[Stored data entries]
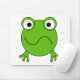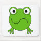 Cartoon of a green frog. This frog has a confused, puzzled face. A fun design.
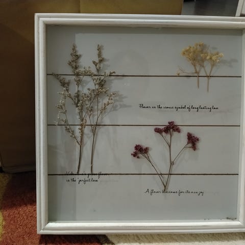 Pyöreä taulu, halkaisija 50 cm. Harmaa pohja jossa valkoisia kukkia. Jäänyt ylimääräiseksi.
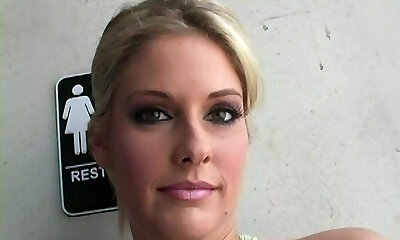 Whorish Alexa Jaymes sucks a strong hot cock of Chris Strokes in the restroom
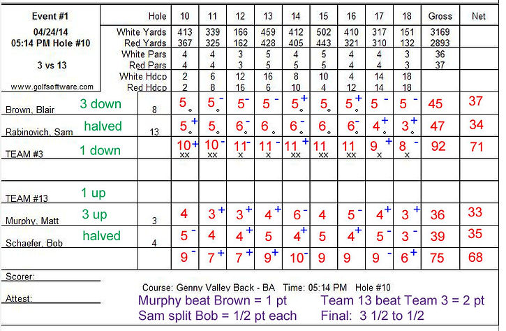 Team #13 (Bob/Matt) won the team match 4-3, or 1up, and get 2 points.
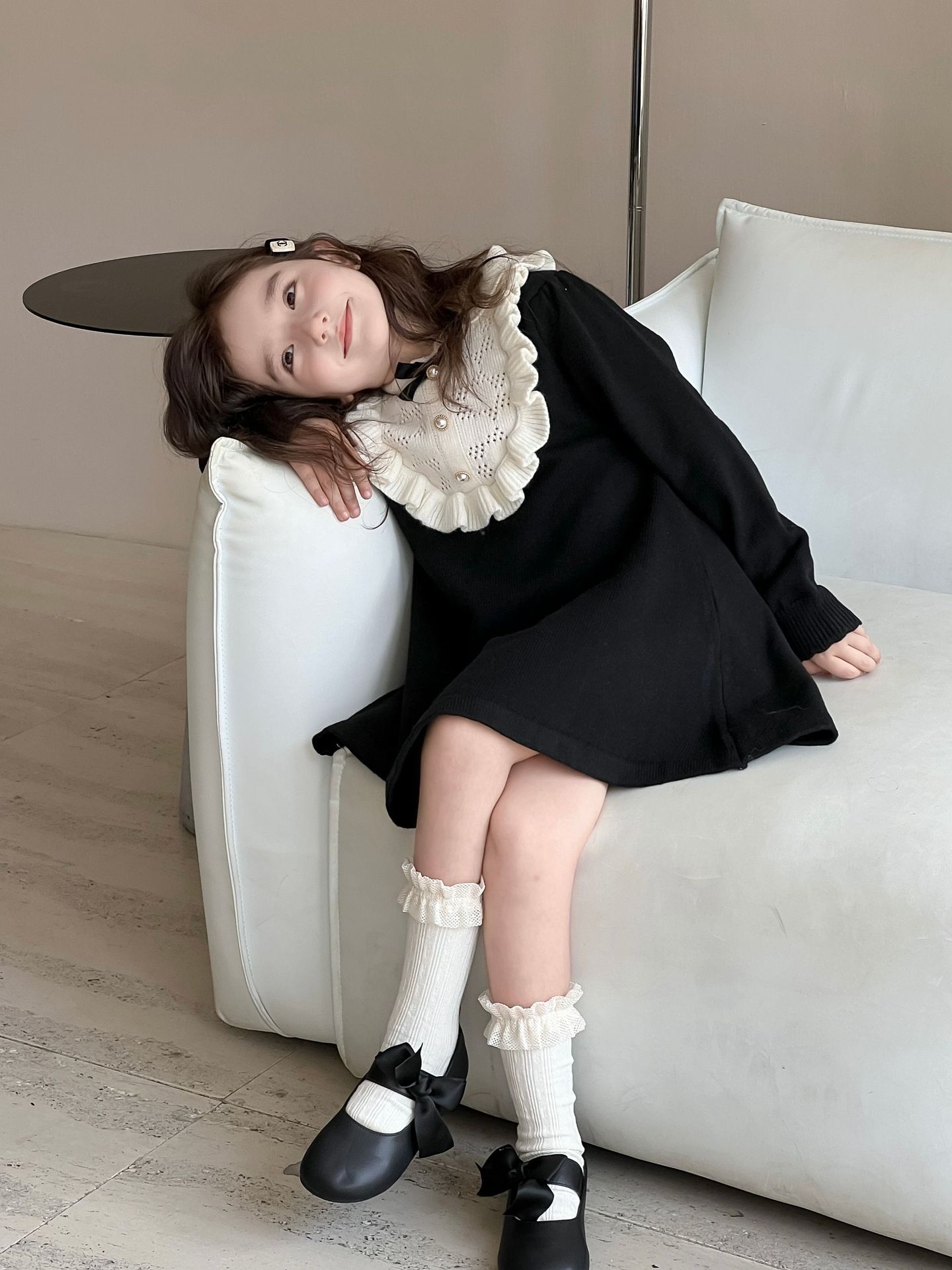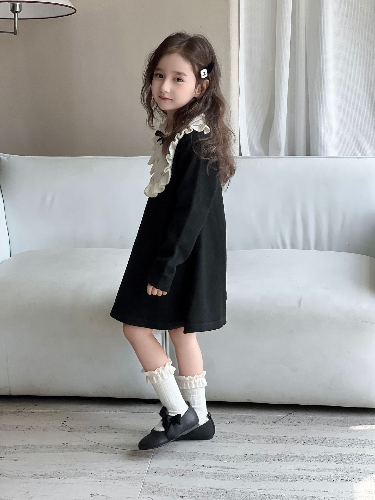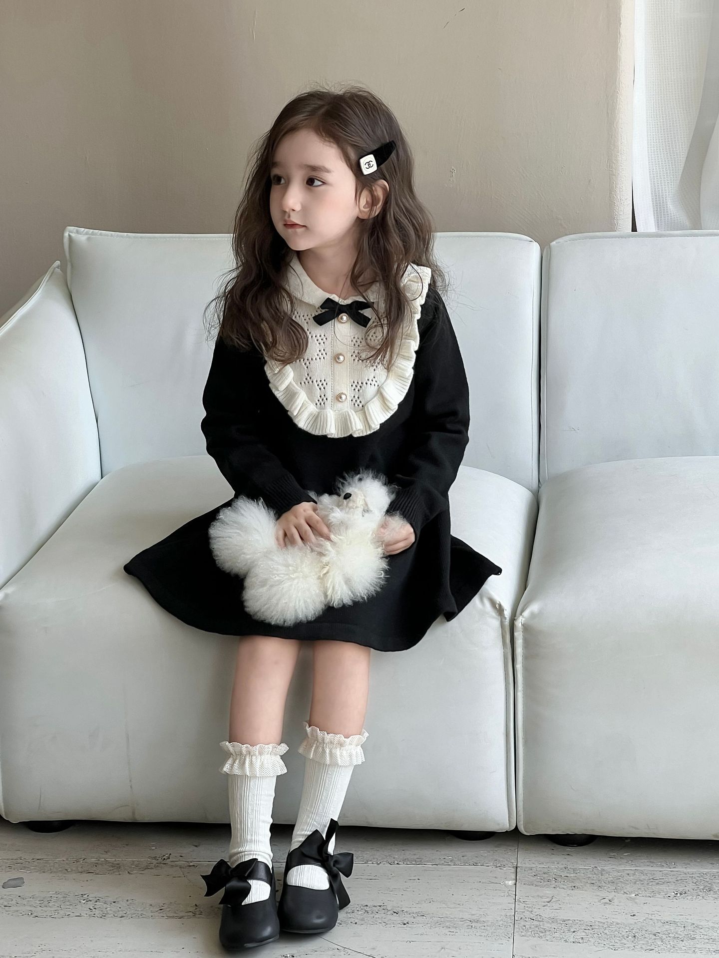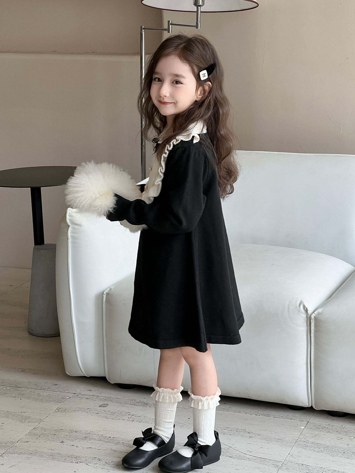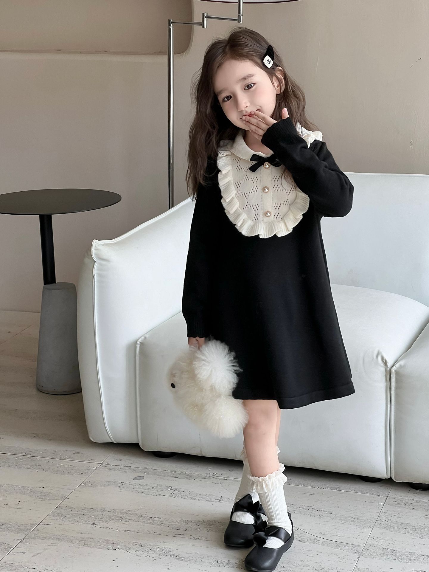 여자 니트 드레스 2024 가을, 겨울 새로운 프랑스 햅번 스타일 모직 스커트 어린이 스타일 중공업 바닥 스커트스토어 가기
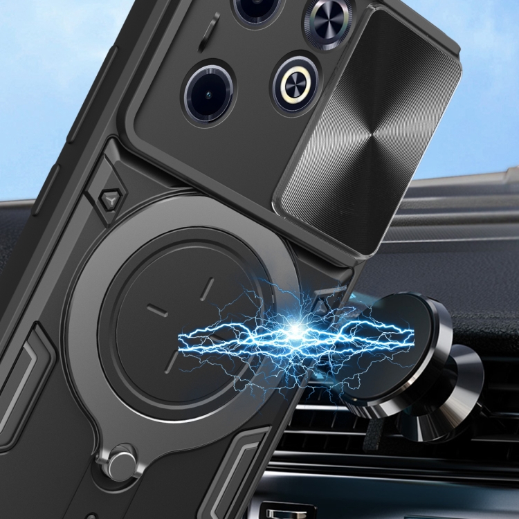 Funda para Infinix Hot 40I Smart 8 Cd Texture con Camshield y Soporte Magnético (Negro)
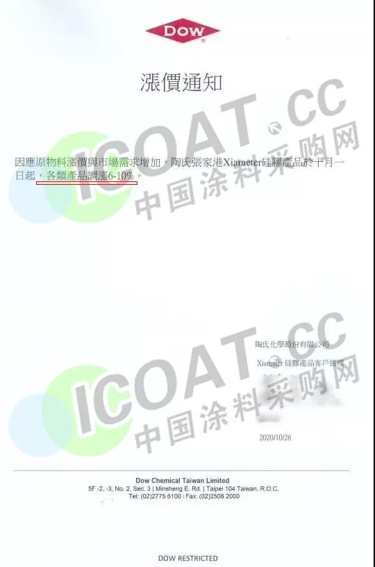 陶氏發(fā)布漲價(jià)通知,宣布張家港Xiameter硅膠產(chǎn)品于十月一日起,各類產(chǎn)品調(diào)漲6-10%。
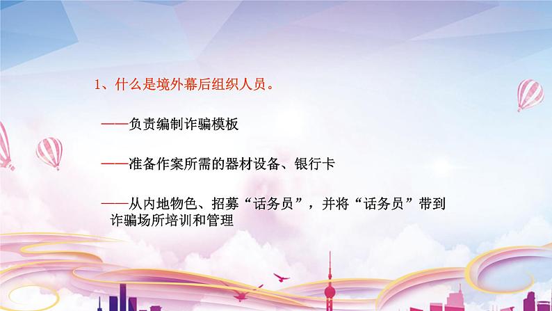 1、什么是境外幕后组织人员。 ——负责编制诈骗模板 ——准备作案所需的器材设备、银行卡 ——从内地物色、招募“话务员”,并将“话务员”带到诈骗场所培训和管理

Work required:
Pictures stay out. Print the data exactly, from its first line through the line containing "Team #13 (Bob/Matt)".

Solution:
 Cartoon of a green frog. This frog has a confused, puzzled face. A fun design.
 Pyöreä taulu, halkaisija 50 cm. Harmaa pohja jossa valkoisia kukkia. Jäänyt ylimääräiseksi.
 Whorish Alexa Jaymes sucks a strong hot cock of Chris Strokes in the restroom
 Team #13 (Bob/Matt) won the team match 4-3, or 1up, and get 2 points.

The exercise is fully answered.